OCR revolutions

Article by AI4Value CTO Pasi Karhu

I first got interested in AI when finding a book about “intelligent machines” in the library about forty years ago. I remember my awe over the many wonderful things that machines could do even then. But only two specific things that were imprinted in my brain for good. One was an algorithm used in chess programs (min-max) and the other one was the name Raymond Kurzweil, and how his machines could read printed text into computers. Kurzweil still works on AI (at Google) but is nowadays better know from his singularity predictions.

There were some simple OCR (Optical Character Recognition) programs already existing before Kurzweil’s, that could read some very specific font, but his machine could read any normal good-quality font, witch at that time was revolutionary. OCR has since then developed into a standard tool for everyone to use. Still, however, especially poor-quality prints and scans produce results riddled with errors after basic OCR.

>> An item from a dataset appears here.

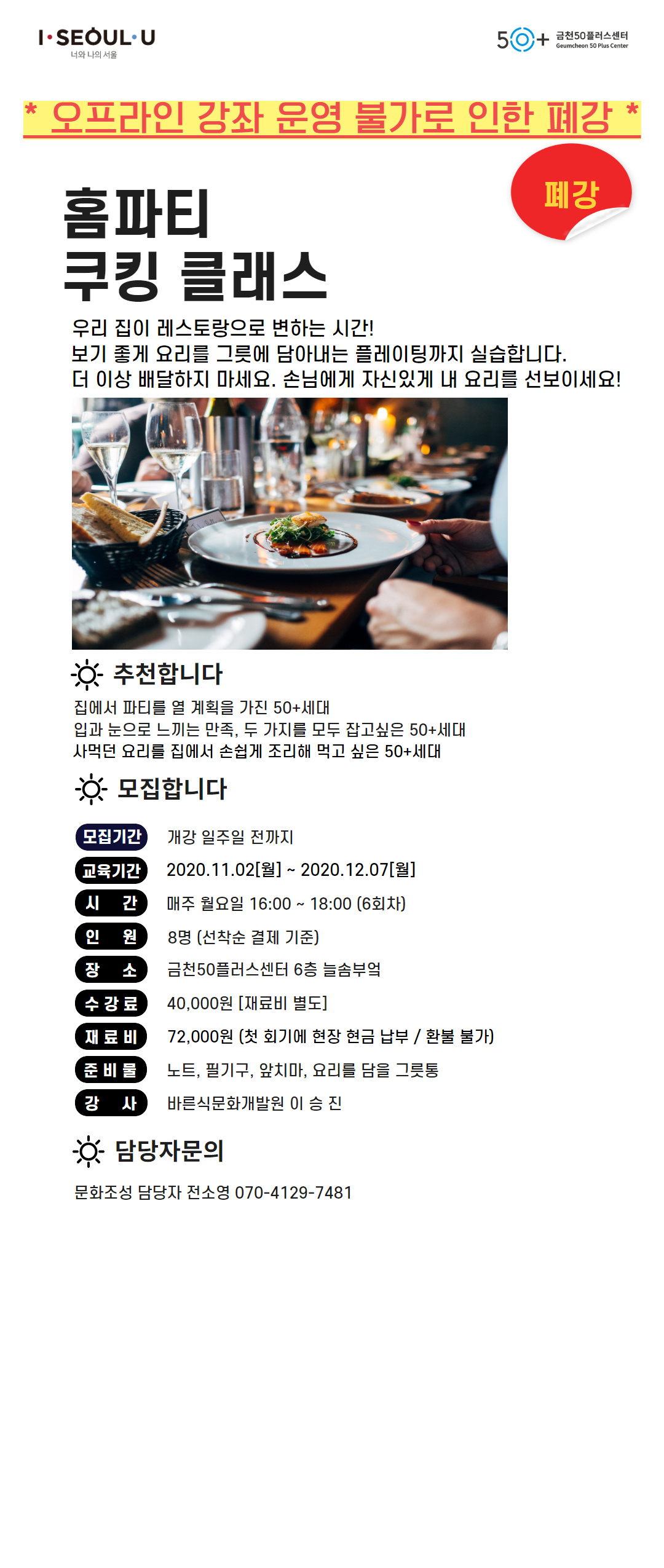 [문화조성]홈파티 쿠킹 클래스(폐강)

Six years ago, I had a project with thousands of scanned paper documents with mostly poor quality. There were three main challenges in the text extracting: typewriter written text with worn ink ribbon (younger generation: google it :-), copies-of-copies from copy machines, and tilted scans.  Combine all of those, and you get OCR-results with half of the words somehow messed up.

I had to use all my existing tricks and invent some new ones. Especially useful was Ai4Value’s proprietary Automatic Ontology tool, that we still successfully use for many data cleaning tasks. While I finally managed to get most of the errors corrected and the resulting texts intelligible, many annoying smaller errors remained and would have required way too much work to fix.

Now, just six years later, generative AI models equipped with image recognition have revolutionized OCR once again. They can effortlessly perform the same tasks without the need for OCR and separate error corrections. Moreover, they can instantly extract desired information, such as all necessary details from a mix of paper invoices, into an easily processable digital format.

However, few tools work effectively without understanding their limitations. For instance, scanned data may contain internal company terms and codes that generative AI models have rarely, if ever, encountered. This can lead them to “hallucinate” or generate incorrect information, necessitating the use of “old school” methods to produce reliable results.

In many cases, the best outcomes are achieved through hybrid approaches that combine both traditional, established tools and the rapidly evolving generative AI. At Ai4Value, we have extensive experience with both, whether it be for OCR projects or other AI applications.